According to BBC Eye’s verification of the audio of one of her phone conversations, then-prime leader Sheikh Hasina approved a lethal crackdown on student-led rallies in Bangladesh last year.
Hasina claims in the March audio release that she gave her security personnel permission to “use lethal weapons” against demonstrators and that “wherever they find [them], they will shoot.”
The audio will be used as key evidence by Bangladeshi prosecutors against Hasina, who is facing an absentee trial at a special tribunal for crimes against humanity. UN inspectors estimate that up to 1,400 people perished in the violence last summer.

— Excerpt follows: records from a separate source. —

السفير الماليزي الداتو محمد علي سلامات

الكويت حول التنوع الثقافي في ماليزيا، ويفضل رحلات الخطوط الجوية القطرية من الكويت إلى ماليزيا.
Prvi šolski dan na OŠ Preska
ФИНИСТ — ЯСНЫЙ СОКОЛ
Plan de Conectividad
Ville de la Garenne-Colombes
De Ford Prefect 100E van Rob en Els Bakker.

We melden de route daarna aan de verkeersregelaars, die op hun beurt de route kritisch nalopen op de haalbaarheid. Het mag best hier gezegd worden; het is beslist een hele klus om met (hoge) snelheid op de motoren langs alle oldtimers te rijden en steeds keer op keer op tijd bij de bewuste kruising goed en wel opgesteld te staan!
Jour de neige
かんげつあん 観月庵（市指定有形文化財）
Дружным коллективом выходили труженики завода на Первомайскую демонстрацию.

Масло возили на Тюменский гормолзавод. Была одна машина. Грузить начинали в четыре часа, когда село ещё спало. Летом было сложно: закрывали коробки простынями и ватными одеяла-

Hasina, who escaped to India, denies all of the accusations made against her. Unlawful intention” or “disproportionate response” were rejected by a representative for her Awami League party in the video.
The most important proof that Hasina directly authorised the shooting of anti-government protesters—tens of thousands of whom had taken to the streets by last summer—comes from the leaked recording of her chat with an unnamed senior government official.

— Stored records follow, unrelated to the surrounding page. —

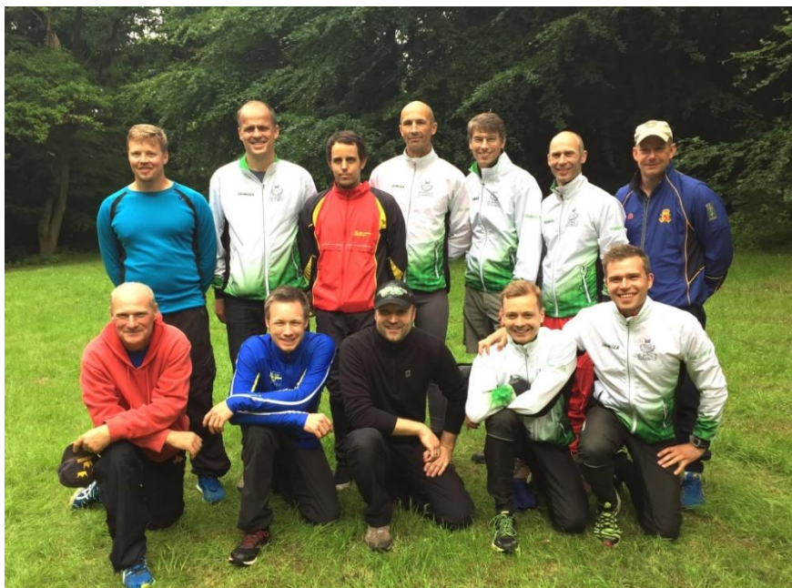
Feltsporterne samlet efter velafsluttet konkurrence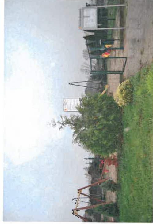
Plac zabaw w Koronowie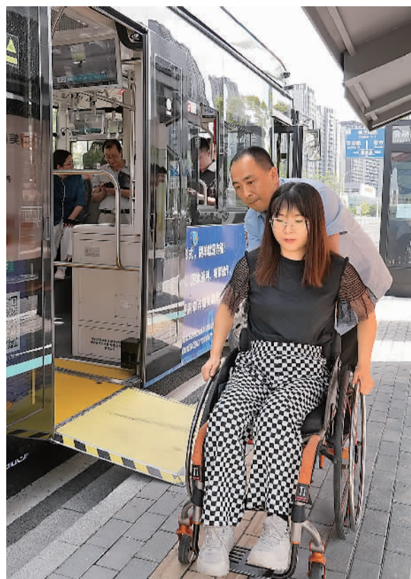
日前在江苏苏州的劳动路实验小学公交车站，公交车驾驶员协助坐轮椅的乘客乘坐无障碍公交车。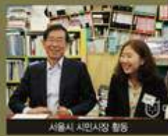
서울시 시민시장 활동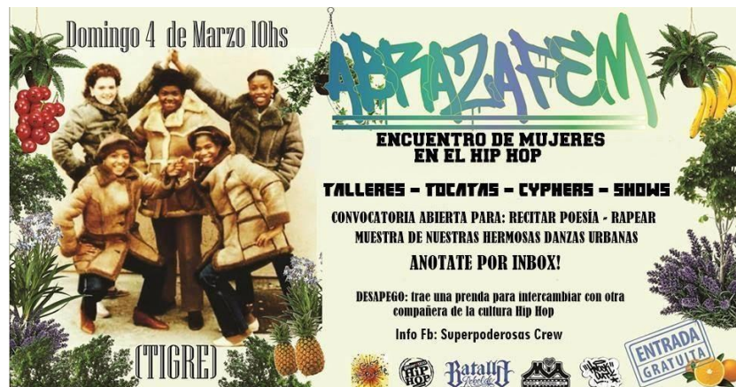
Flyer del encuentro “Abrazafem” 55 .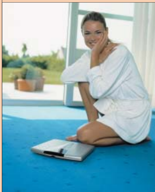
4 Wykładziny akrylowe wyglądem przypominają wełniane

Włókno syntetyczne przypominające wełnę 4 . Charakteryzuje się podobną miękkością oraz sprężystością co wełna, a jest zdecydowanie bardziej wytrzymałe. Ponadto jest odporne na działanie promieni słonecznych, trudnozapalne i nie elektryzuje się.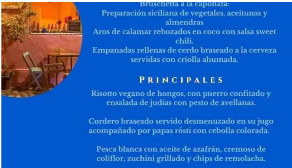
Restaurante pasaje las flores menu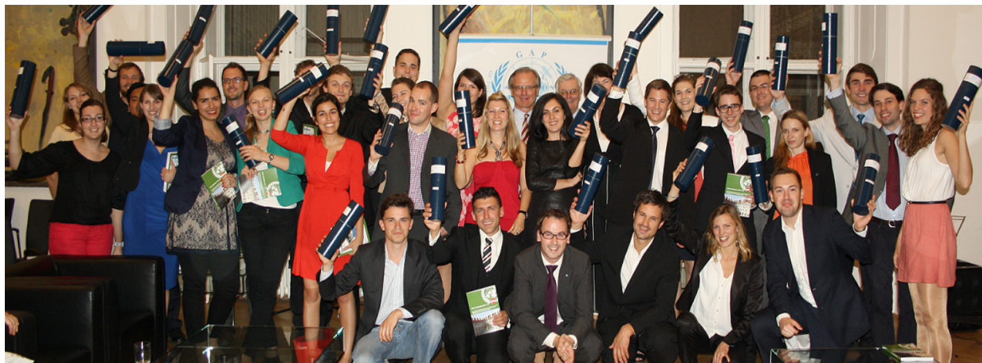
Verleihung der GAP-Diplome des Jahrgangs 2012. Falls auch du dabei sein willst, findest du alle Infos unter http://afa.at/gap

Wem mein Bericht jetzt zu allgemein gehalten war, kann sich gerne selbst ein Bild machen und sich für eine Gasthörer/innen/schaft des heurigen Jahrgangs bewerben. Für alle anderen kann ich zum Abschluss unterstreichend sagen: „Geil war’s!“ <<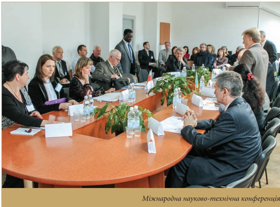
Міжнародна науково-технічна конференція

Виховна та культурно-просвітницька робота є невід'ємною частиною навчального процесу ІППТ і спрямована на формування у студентів високих моральних і культурних якостей, активної громадянської позиції та патріотизму, відродження національно-культурних традицій українського народу, прагнення до здорового способу життя, здатності протистояти асоціальним явищам. Студенти інституту беруть активну участь у традиційних фестивалях «Осінь політехніки» та «Весна політехніки». З цією метою проводяться тематичні вечори, зустрічі з відомими людьми України, Шевченківські читання тощо. В інституті сформовані команди з футболу, волейболу, настільного тенісу та шахів. Студенти у складі збірних команд університету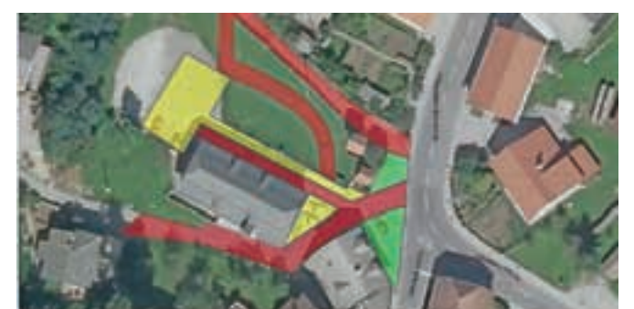
... in pri Kulturnem središču Stare Žiri.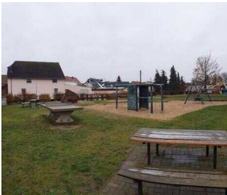
Rastplatz in Osternienburg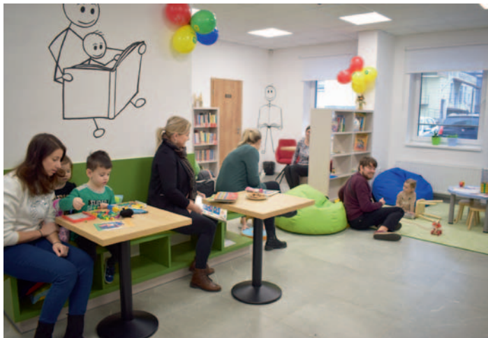
Knihovnické hrátky, str. 2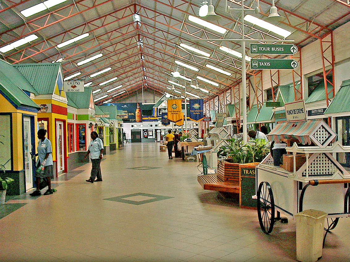
Barbados - Hafengebäude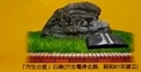
「穴生の里」石蔵(穴生電停北側、昭和61年建立)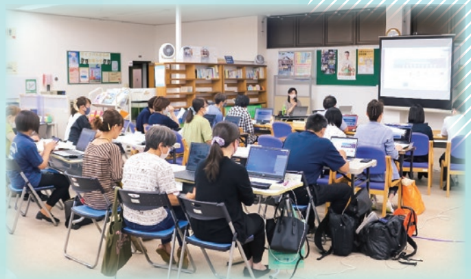
第2回市民活動・NPOサポート講座 「無料デザイン制作ソフトCANVAを使って 効果的なチラシ作成をする方法」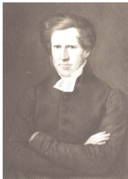
Anders Fryxell var lärare i Djurgårdsskolan och hörde förmodligen till de skolmästare som antas ha haft sin bostad i Bellmanshuset. Han blev med tiden en av de verkligt stora i den akademiska världen och har gått till historien som författaren till 'Ack Värmeland du sköna'.

Hasina, who had been in power for 15 years, was overthrown by a large-scale movement that started as protests against public service employment quotas for families of those who participated in the 1971 war of independence. Bangladesh has not witnessed such bloodshed since the 1971 war. On August 5, Hasina left by helicopter before demonstrators surrounded her Dhaka home, resulting in some of the deadliest incidents.